> [Exercise prompt]: Leaving out the pictures, retype the lines from the beginning of the listing through the line containing "I stood out".

> [Information shown]:
- - - - - - -

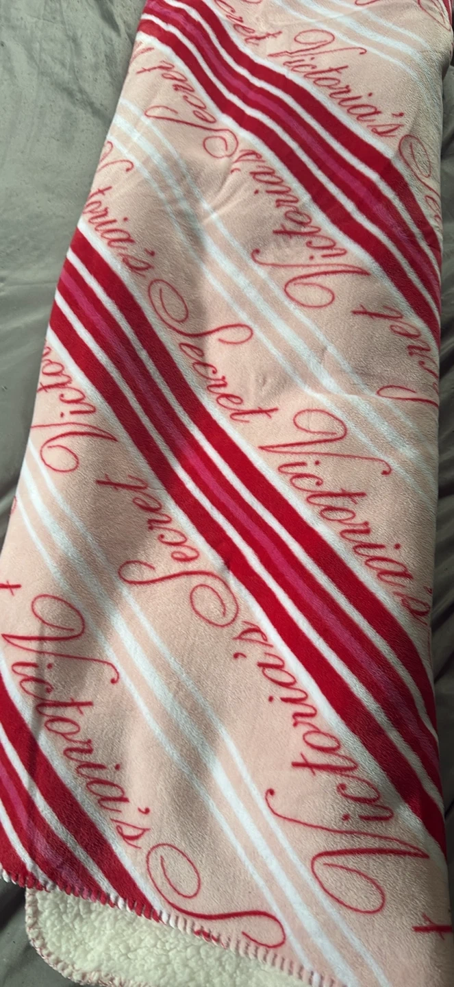 Snuggle up with this super soft Victoria's Secret cozy plush blanket! It measures 50 inches by 60 inches (127 cm x 152 cm). The blanket features a cute striped pattern with the Victoria's Secret logo. Perfect for adding a touch of warmth and style to your home!
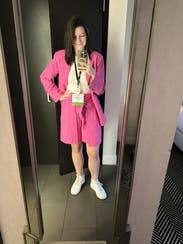 I stood out in the best way with this vibrant pink set. It didn’t wrinkle as badly as I feared and the shorts were long enough to be work appropriate
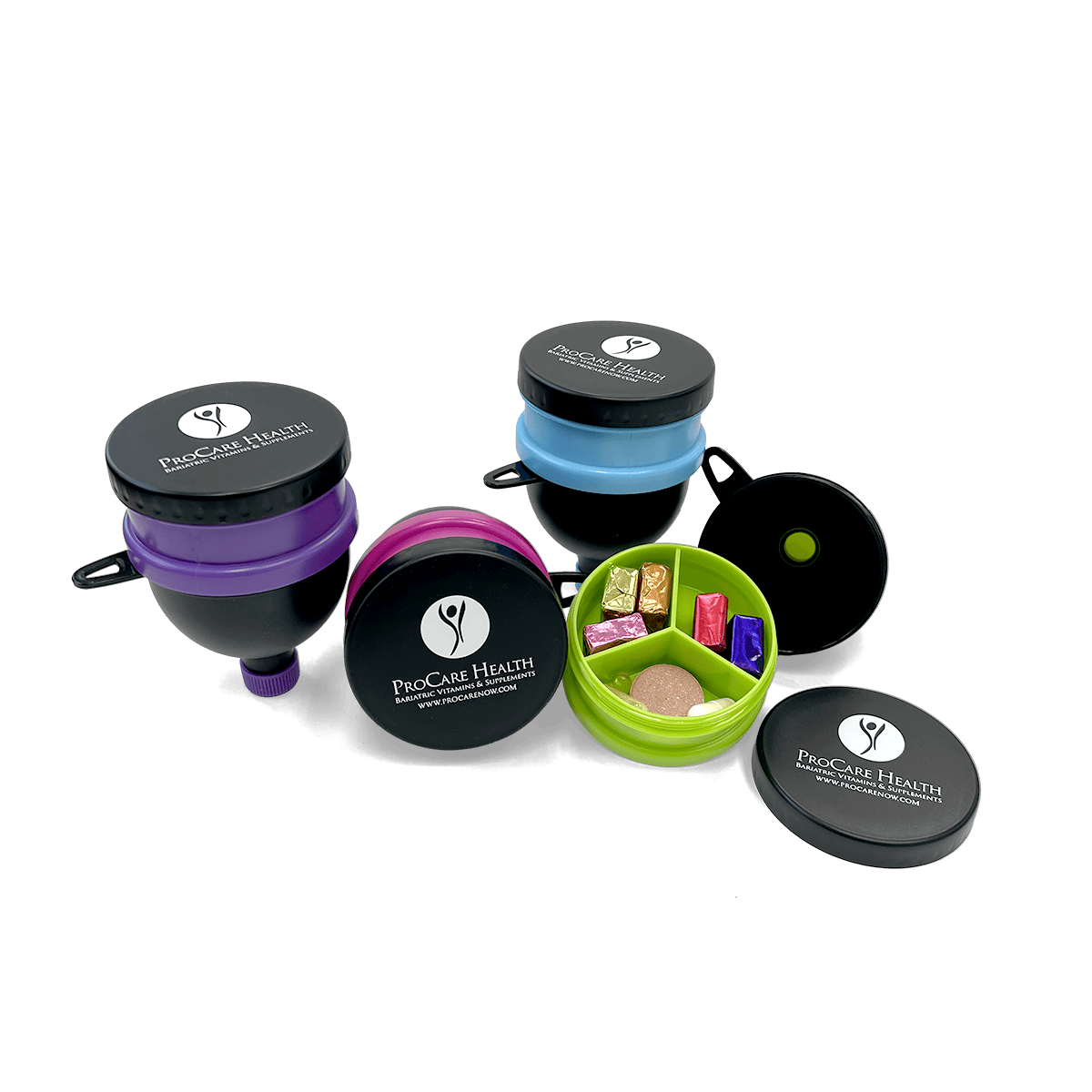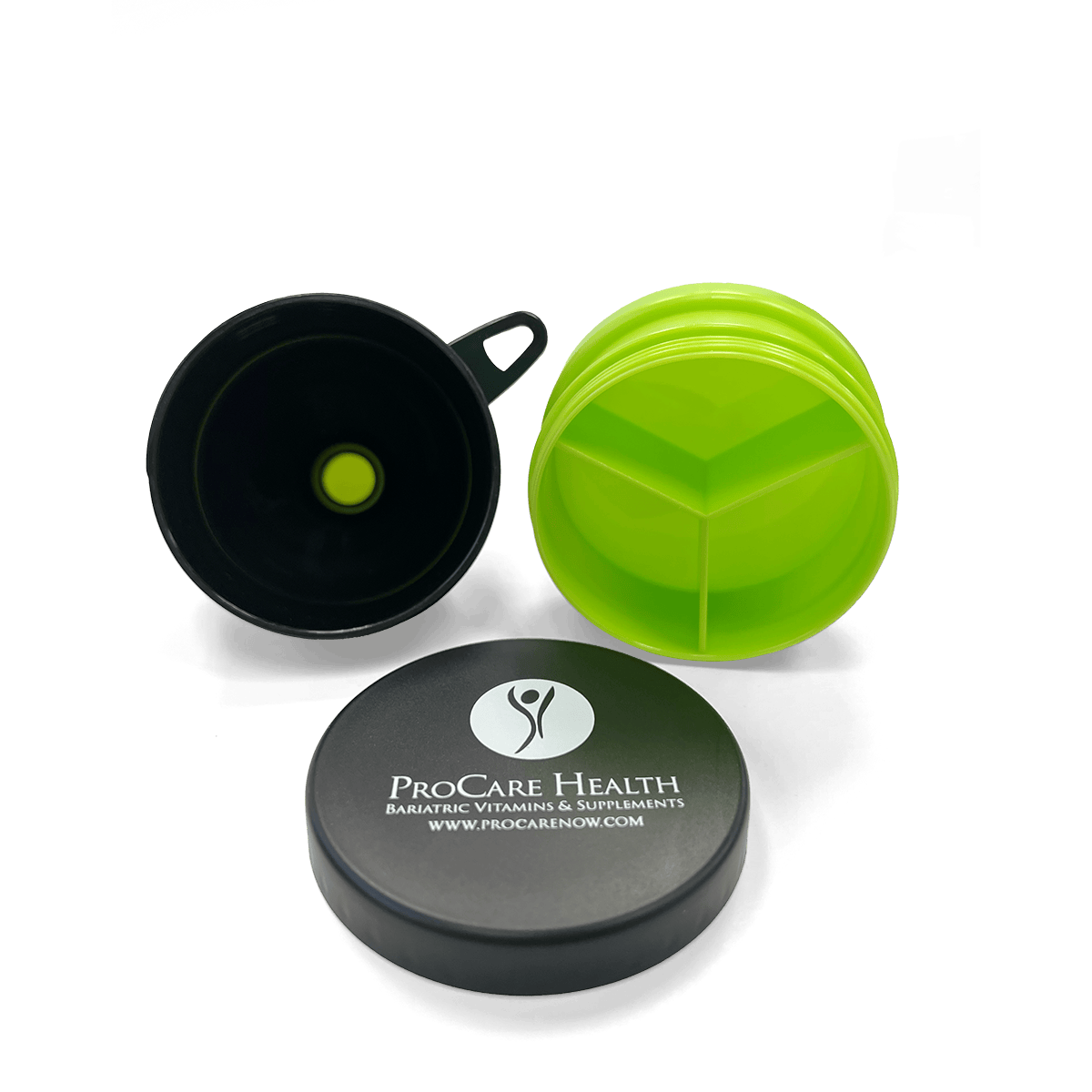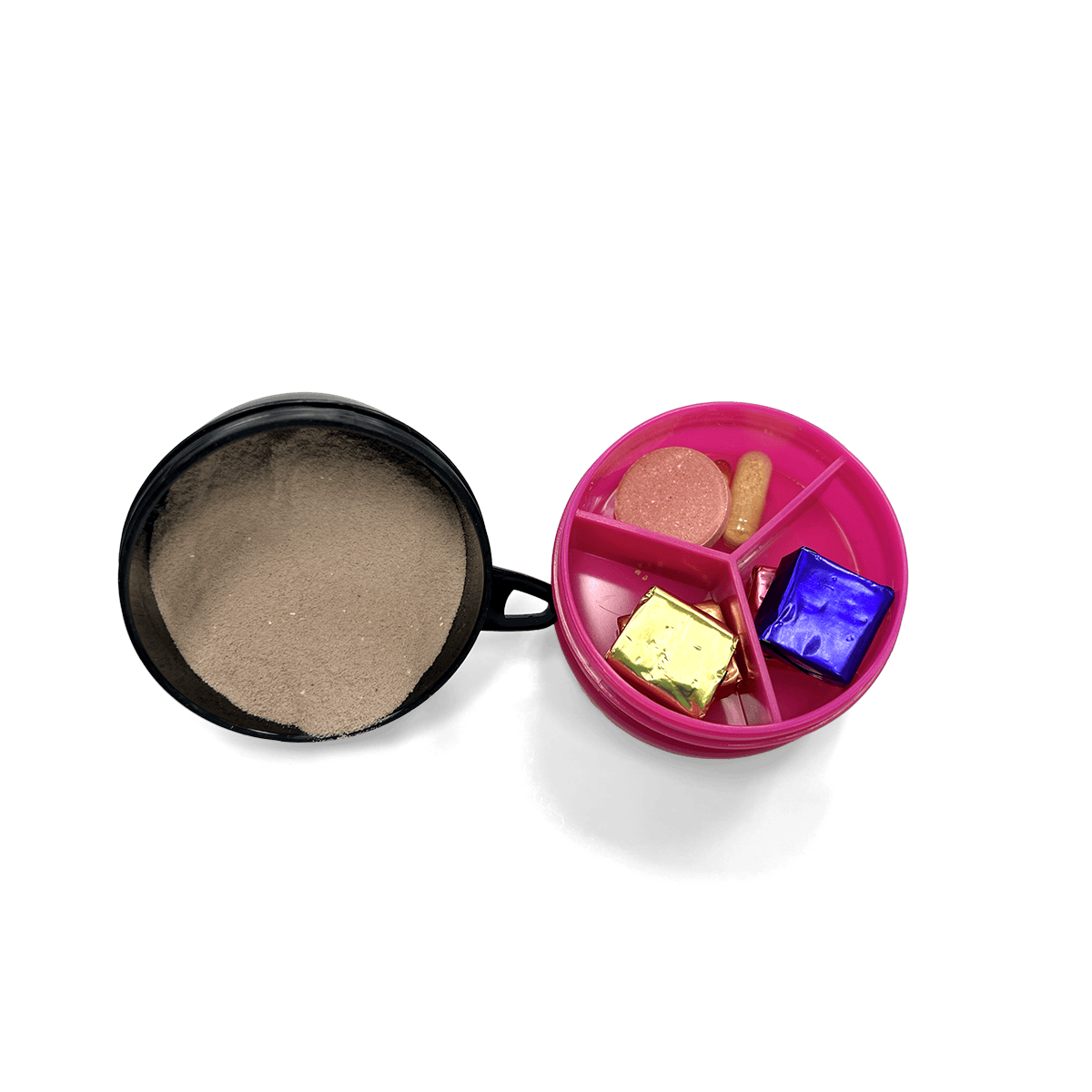 Never be without your daily vitamins or supplements again. Our multi-function funnel makes it easy to take your favorite powdered products and vitamins on the go. Use it as a standalone funnel for drink mixes or attach the split compartment to store additional supplements—all in one compact design. A secure twist-off cap keeps everything contained wherever your day takes you.

- - - - - - -

> [Answer box]:
 Snuggle up with this super soft Victoria's Secret cozy plush blanket! It measures 50 inches by 60 inches (127 cm x 152 cm). The blanket features a cute striped pattern with the Victoria's Secret logo. Perfect for adding a touch of warmth and style to your home!
 I stood out in the best way with this vibrant pink set. It didn’t wrinkle as badly as I feared and the shorts were long enough to be work appropriate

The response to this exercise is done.